-- RECORDED DATA follows --

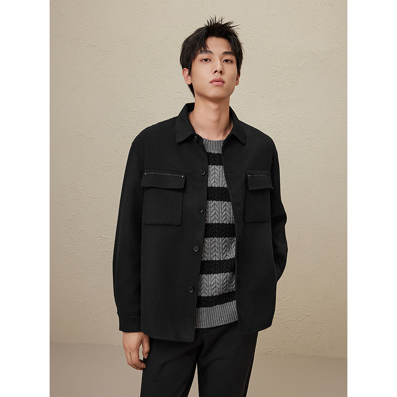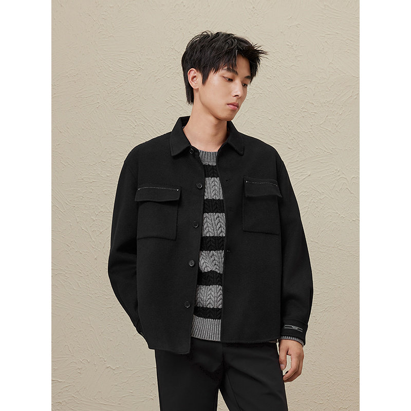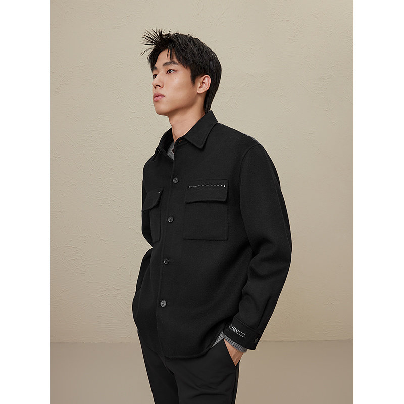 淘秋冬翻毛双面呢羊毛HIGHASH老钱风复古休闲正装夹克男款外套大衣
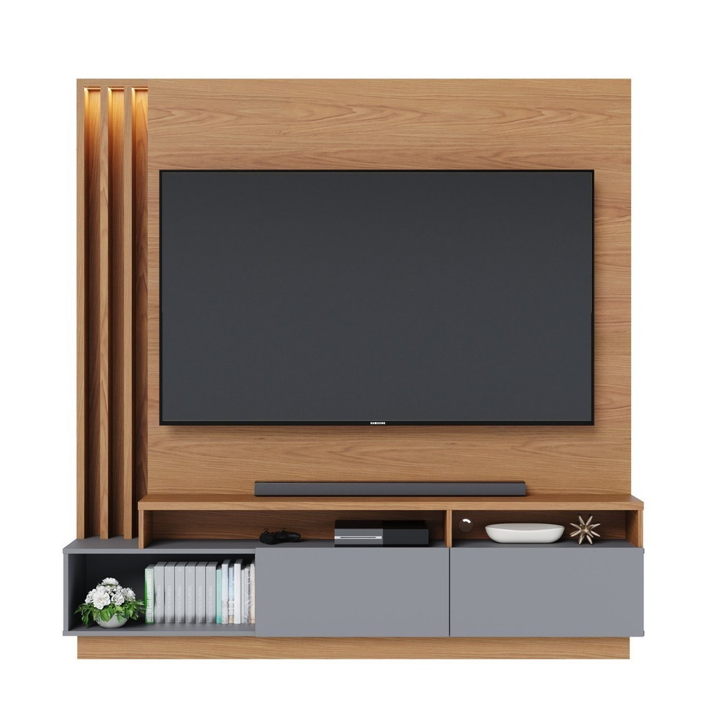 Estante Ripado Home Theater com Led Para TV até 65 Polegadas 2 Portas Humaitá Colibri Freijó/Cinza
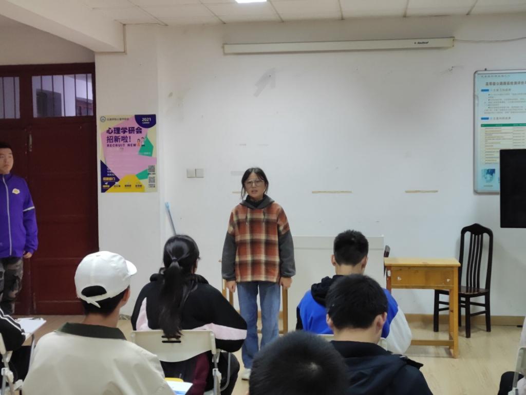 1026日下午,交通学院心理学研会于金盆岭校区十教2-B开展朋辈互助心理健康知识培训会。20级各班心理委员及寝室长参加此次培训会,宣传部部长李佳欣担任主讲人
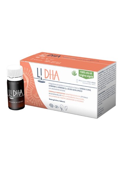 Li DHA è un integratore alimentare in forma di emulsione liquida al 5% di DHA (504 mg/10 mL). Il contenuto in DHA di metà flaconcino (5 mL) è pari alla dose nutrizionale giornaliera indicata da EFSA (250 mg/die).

-- RECORDED DATA concluded --
-- RECORDED DATA follows --

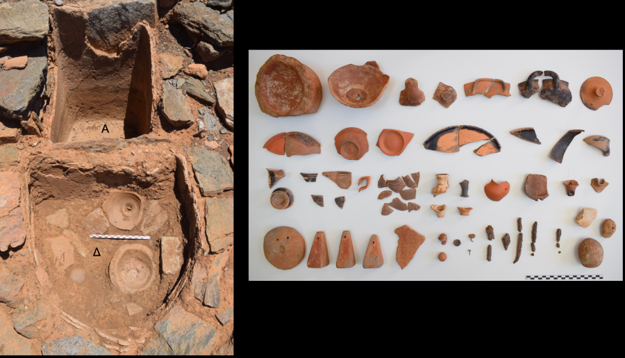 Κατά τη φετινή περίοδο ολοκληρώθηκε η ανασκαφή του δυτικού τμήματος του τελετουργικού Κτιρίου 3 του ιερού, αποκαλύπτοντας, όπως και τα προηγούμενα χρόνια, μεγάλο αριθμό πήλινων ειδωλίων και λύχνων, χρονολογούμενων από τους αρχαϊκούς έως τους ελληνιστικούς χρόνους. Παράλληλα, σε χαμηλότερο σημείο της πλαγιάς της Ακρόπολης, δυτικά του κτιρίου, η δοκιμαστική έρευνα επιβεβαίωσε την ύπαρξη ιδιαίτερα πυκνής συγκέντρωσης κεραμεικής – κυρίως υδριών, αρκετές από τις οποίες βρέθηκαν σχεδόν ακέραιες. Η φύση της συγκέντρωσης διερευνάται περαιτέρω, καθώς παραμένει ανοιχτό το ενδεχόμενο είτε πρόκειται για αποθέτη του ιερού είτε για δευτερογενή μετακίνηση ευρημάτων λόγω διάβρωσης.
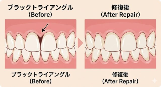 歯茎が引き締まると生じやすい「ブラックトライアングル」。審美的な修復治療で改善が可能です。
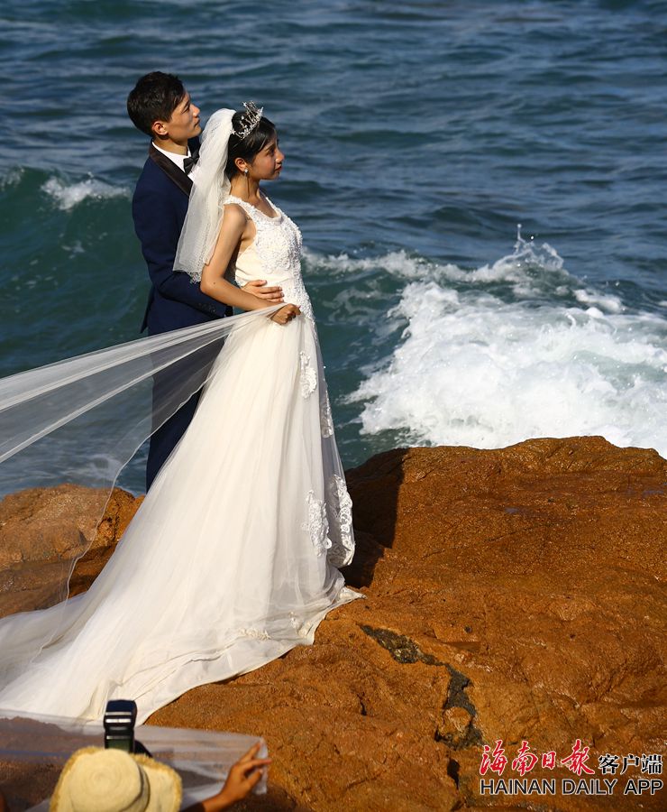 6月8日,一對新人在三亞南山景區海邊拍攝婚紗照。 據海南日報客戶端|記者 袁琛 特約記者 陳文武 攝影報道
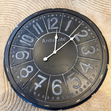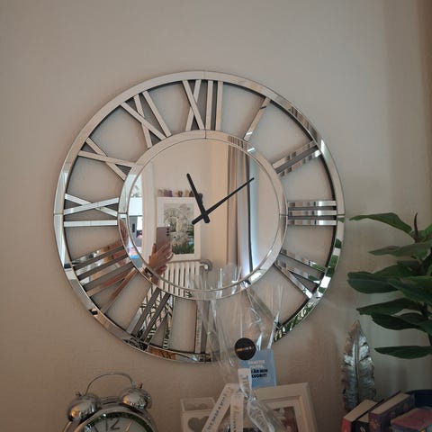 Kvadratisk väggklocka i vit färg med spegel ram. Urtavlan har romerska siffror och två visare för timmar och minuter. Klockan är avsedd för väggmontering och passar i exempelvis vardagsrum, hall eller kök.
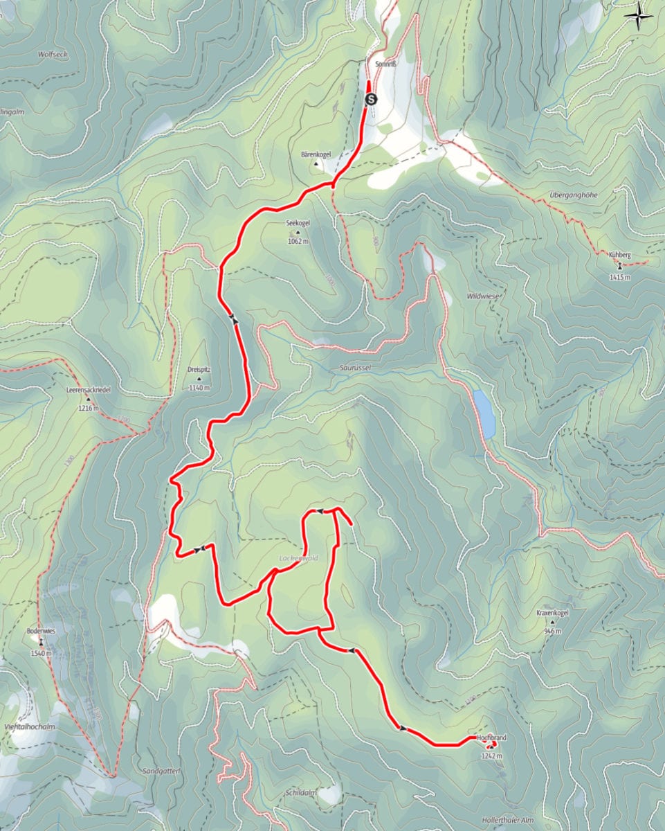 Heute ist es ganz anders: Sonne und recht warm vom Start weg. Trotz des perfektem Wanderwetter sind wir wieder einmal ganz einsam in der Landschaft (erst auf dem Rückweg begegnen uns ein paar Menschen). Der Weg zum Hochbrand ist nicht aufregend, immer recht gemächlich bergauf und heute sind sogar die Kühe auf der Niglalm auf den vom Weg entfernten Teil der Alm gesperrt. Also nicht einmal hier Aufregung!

-- RECORDED DATA concluded --

EXERCISE BRIEF >> Using the entries above, extract exactly the lines from the one that contains "6月8日,一對新人在三亞南山景區海邊拍攝婚紗照。 據海南日報客戶端|記者 袁琛" through the one that contains "Heute ist es". Do not carry over any pictures.

COMPLETED EXERCISE >>
 6月8日,一對新人在三亞南山景區海邊拍攝婚紗照。 據海南日報客戶端|記者 袁琛 特約記者 陳文武 攝影報道
 Kvadratisk väggklocka i vit färg med spegel ram. Urtavlan har romerska siffror och två visare för timmar och minuter. Klockan är avsedd för väggmontering och passar i exempelvis vardagsrum, hall eller kök.
 Heute ist es ganz anders: Sonne und recht warm vom Start weg. Trotz des perfektem Wanderwetter sind wir wieder einmal ganz einsam in der Landschaft (erst auf dem Rückweg begegnen uns ein paar Menschen). Der Weg zum Hochbrand ist nicht aufregend, immer recht gemächlich bergauf und heute sind sogar die Kühe auf der Niglalm auf den vom Weg entfernten Teil der Alm gesperrt. Also nicht einmal hier Aufregung!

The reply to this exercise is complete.